3M pagará 6.000 millones de dólares para compensar a los militares que usaban sus tapones de oídos

Grupo 3M. / RR SS.

Según un comunicado de la empresa, 3M aportará una indemnización total de 6.000 millones de dólares entre 2023 y 2029, con 5.000 millones en efectivo y 1.000 millones en acciones ordinarias.

El grupo industrial 3M ha anunciado este martes un acuerdo para poner fin a las múltiples demandas por pérdidas auditiva por parte de militares que usaban sus tapones para los oídos Combat Arms. Aunque la compañía no admite expresamente su culpabilidad, ha acordado pagar 6.000 millones de dólares, (unos 5.500 millones de euros), entre 2023 y 2029, según ha comunicado a la Comisión de Valores y Bolsa de Estados Unidos (la SEC).

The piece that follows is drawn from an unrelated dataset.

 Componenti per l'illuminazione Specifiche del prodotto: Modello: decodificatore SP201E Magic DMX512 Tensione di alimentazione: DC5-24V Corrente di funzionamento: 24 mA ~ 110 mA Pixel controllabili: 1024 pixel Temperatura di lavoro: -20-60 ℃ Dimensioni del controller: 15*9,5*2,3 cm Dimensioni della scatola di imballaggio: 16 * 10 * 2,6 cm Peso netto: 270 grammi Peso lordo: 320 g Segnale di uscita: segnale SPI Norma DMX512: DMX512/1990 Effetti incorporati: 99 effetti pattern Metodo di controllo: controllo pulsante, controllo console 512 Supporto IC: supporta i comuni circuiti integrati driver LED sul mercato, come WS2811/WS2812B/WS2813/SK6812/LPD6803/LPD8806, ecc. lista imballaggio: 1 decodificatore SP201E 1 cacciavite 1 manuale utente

Según el acuerdo, 3M aportará una cantidad total de 6.000 millones de dólares entre 2023 y 2029, que se distribuye en 5.000 millones en efectivo y 1.000 millones en acciones propias. De esta manera, el gigante manufacturero pone fin a años de litigio entre 3M y su filial Aearo Technologies (adquirida en 2008) y cientos de miles de soldados estadounidenses que alegan que los tapones defectuosos dañaron su audición. Sin embargo, la compañía sostiene que sus productos son efectivos cuando se usan adecuadamente.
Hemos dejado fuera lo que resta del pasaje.